Mike Pence gives sermon in packed homophobic megachurch slap bang in the middle of a coronavirus hotspot

Mike Pence LGBT

US vice president Mike Pence gave a sermon this weekend to an anti-LGBT+ megachurch packed with more than 2,000 people, in a COVID-19 hotspot.

The number of coronavirus cases in Dallas, Texas, continues to climb and shows no sign of slowing, with the county reporting a record 570 new cases on Sunday, June 28.

The vice president’s own Coronavirus Task Force designated Texas as a COVID-19 “hotspot” two days previously.

But Mike Pence – who has consistently refused to abide by coronavirus safety measures – decided that the area would be the perfect place to give a sermon in an anti-LGBT+ church.

He visited Dallas First Baptist Church, led by viciously Islamophobic and anti-LGBT+ pastor Robert Jeffress, to give a “freedom Sunday” sermon to an audience of 2,100 people.

The event did not require face masks, or any kind of social distancing.

 

According to the homophobic megachurch’s website, it believes: “Marriage is the uniting of one man and one woman in covenant commitment for a lifetime… A wife is to submit herself graciously to the servant leadership of her husband.”

Jeffress’s well-documented history of anti-LGBT+ remarks includes claiming gay people “molest children”, promoting the so-called conversion of young queer people, and that being gay is a “filthy practice” that leads to disease.

He has even compared gay sex to plugging a TV electrical cord into the wrong outlet and causing it to explode. 

Speaking on his radio show in 2012, Jeffress said: “Why is there such a high incidence of disease among homosexuals?

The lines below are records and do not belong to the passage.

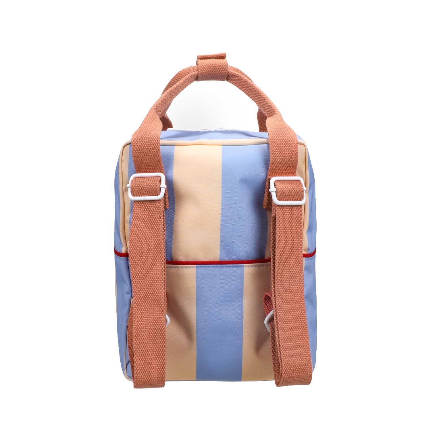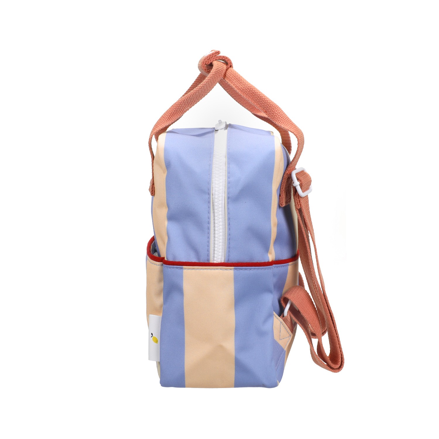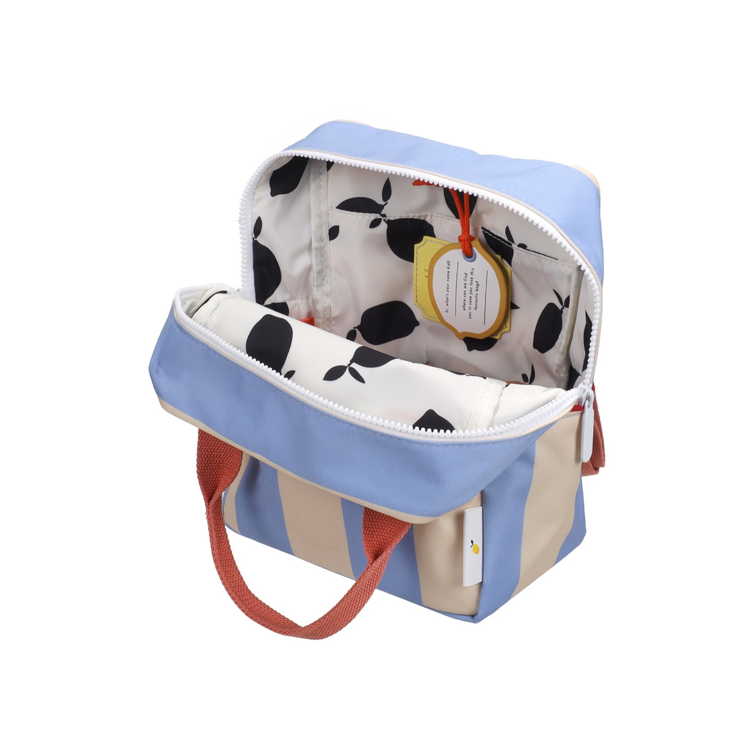 Questo zainetto bimbo Sticky Lemon si veste di una freschissima fantasia a righe larghe, perfetta per chi cerca un accessorio pratico ma ricco di personalità. In questa versione, il delicato contrasto tra l'azzurro cielo e il beige crea un'estetica rétro-chic e rassicurante, ideale per la scuola materna, le prime classi delle elementari o per il tempo libero all'insegna del buonumore. Un'alternativa sofisticata e allegra ai modelli tinta unita. Le righe larghe donano un senso di ordine e vivacità, completate dai manici color corallo che aggiungono un tocco di colore caldo e divertente. Il vano principale è spazioso e facile da riempire per ospitare il cambio, la merenda o i giochi. All'interno è presente un pratico elastico per tenere la borraccia verticale ed evitare fuoriuscite accidentali. Uno scomparto sulla schiena con chiusura in velcro, perfetto per piccoli libri, quaderni o disegni importanti. Realizzato in tessuto tecnico riciclato robusto e facile da pulire, vanta una fodera impermeabile interna illustrata a mano che protegge il contenuto da pioggia e piccoli incidenti. Spallacci regolabili resistenti per adattarsi alla crescita del bambino e maniglie superiori in contrasto con clip di chiusura, per un comodo trasporto a mano.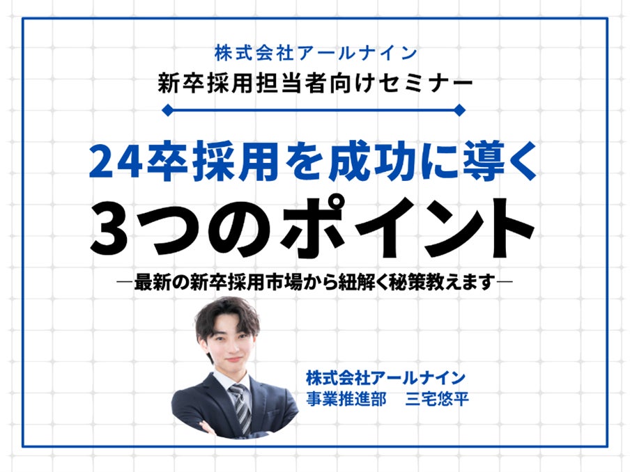 採用から定着まで企業の成長を支援する株式会社アールナイン(本社:東京都港区、代表取締役:長井亮)は、オンラインセミナー「24卒新卒採用を成功に導く3つのポイント~最新の新卒採用市場から紐解く秘策教えます~」を2023年3月30日(木)に開催いたします(https://jinjibu.jp/seminar/detl/106758/)。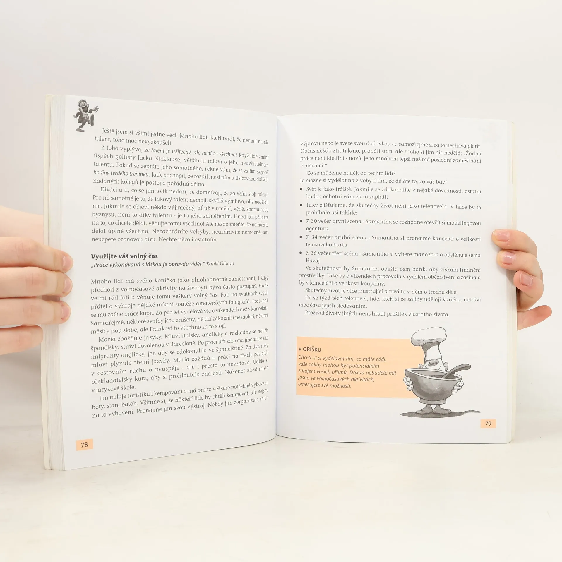 Kniha Vám pomůže najít smysl v životě a práci, zaměřuje se na to, jak dělat to, co máte rádi, a jak dosáhnout vnitřního klidu. Učí, jak se vyrovnat s katastrofami a přestat obviňovat ostatní, včetně matky. Zkoumá myšlení šťastných a bohatých lidí a ukazuje, co dělají ti, kteří stále prohrávají, aby se jim vyhnuli. Napsaná srozumitelnou a čtivou formou, doplněná ilustracemi od autora, je plná příkladů, které umožňují okamžité použití rad a doporučení. Kniha byla přeložena do více než 38 jazyků a prodalo se jí přes 2 miliony výtisků. DOZVÍTE SE: - Jak dělat to, co máte rádi - Jak se vypořádat se složenkami a zlomenými nohami - Jak objevit vaši vlastní sílu - Jak najít vnitřní klid - Jak se vypořádat s katastrofami - Jak neobviňovat matku Kniha obsahuje 10 kapitol rozdělených do několika částí, celkem 144 stran. Každá kapitola se věnuje různým aspektům osobního rozvoje, od učení se z katastrof, přes pozitivní myšlení, až po důležitost přijetí sebe a druhých. Závěrem se zaměřuje na to, že naším posláním není měnit svět, ale měnit sami sebe.

They are engaged in the most detestable, unclean, abominable acts you can imagine.

“Because what they are doing is unnatural, it goes against nature, because of that filthy practice; there is a natural result to it. There is natural, physical consequences to homosexual behaviour.

“That’s why God says don’t engage in it, you are going to harm your bodies in doing so.”

Since 2016, Jeffress has been a member of Trump’s Evangelical Advisory Board and White House Faith Initiative as well as being a contributor to Fox News.